Мы целовались в такси, в лифте, бесконечно долго поднимающемся с глухим грохотом металлических винтов и тросов.
Сколько мы не виделись? Год? Меньше? Не созваниваясь, не обмениваясь смс. Мы читали друг друга в виртуальных дневниках, мы держали друг друга на дальнем прицеле, мы рассказывали истории наших встреч и расставаний, мысленно, просто так, без цели и смысла. А теперь мы лежали в одной постели. И мне, все-таки, нужно было уйти.

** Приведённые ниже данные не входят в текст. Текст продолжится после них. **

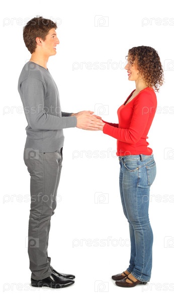 Молодой человек и женщина представляют собой букву 'H'
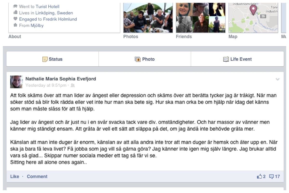 Dagen efter vaknar jag upp utvilad. Ser mig i spegeln och möts av svullna ögon. Spenderar dagen o soffan, går endast ut för att köpa lite mat. Dagen efter likadan, sitter hemma i lägenheten chockad och känslan av att vara deprimerad. Igår var det fredag och jag fick sådan extrem lust av att göra fint här hemma och handla på Ikea tills jag kommer på att jag måste ha bilen för att för att få med mig hem alla saker. Jag stelnar till och lägger mig i soffan igen. Under dagen så möblerar jag om och går till pizzerian och köper mat. Sen ligger jag ensam hemma och mår dåligt.
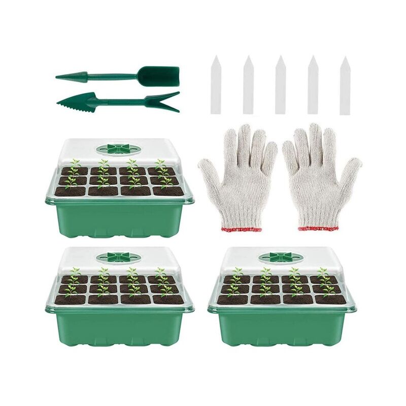 Description:Humidity Adjustable Plant Starter Kit with Dome and Base Greenhouse Grow Tray Mini Propagator for Seed Grow Starters (12 seedling ports per tray) Clear Seed Tray 1) This seed grow kit is manufactured with high-quality clear trays to easily observe your plants without interrupting the process.Features:1. The clear dome of the seed starter tray has 4 adjustable vents.2. These reinforced construction seed starting trays are sturdy and reusable.3. No damage to the plant's root system when transplanting.4. This set of 10 small, heavy-duty seed trays easily meets the needs and rhythms of different plant species.5. Each cell measures 1.5 inches square.5.A set of seedling pots (1 sump + middle transparent hole cavity pots + lid + ventilation valve as a set): weight 87gSize: 19*14*11cm 7.5*5.5*4.33inch3-piece set package size: 190 * 145 * 115mm weight 7.5 * 5.5 * 4.33inch: 315 grams5-piece set packing size: 200 * 145 * 115mm weight 7.87 * 5.5 * 4.33inch: 488 grams10-piece package
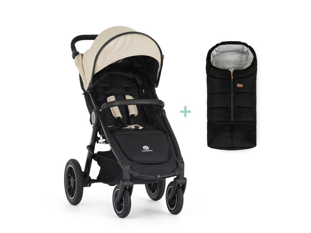 PETITE&MARS Kočík športový Street2 Air Black Sahara Beige + PETITE&MARS fusak Jibot
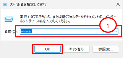 ファイル名を指定して実行の名前に「winver」と入力し、OKボタンをクリックしてください。

Я тихонько встала и прошлепала босиком на лоджию. Высоко. Подо мной раскатывалась в разные стороны до самого горизонта раннеутренняя Москва. Самый ее центр, неизбежно, методично наполнявшийся движением, резкими гудками машин, обрывками фраз, звуками музыки, запахами жареной ветчины из соседского открытого окна.
Потом вернулась в комнату тихо, на цыпочках. Никакой решимости. Я не могла ее разбудить. Не могла сейчас спокойно лечь рядом и заснуть. Получилось бы другое утро, уже проснувшееся вместе, уже меняющее все, уже наше с ней, уже…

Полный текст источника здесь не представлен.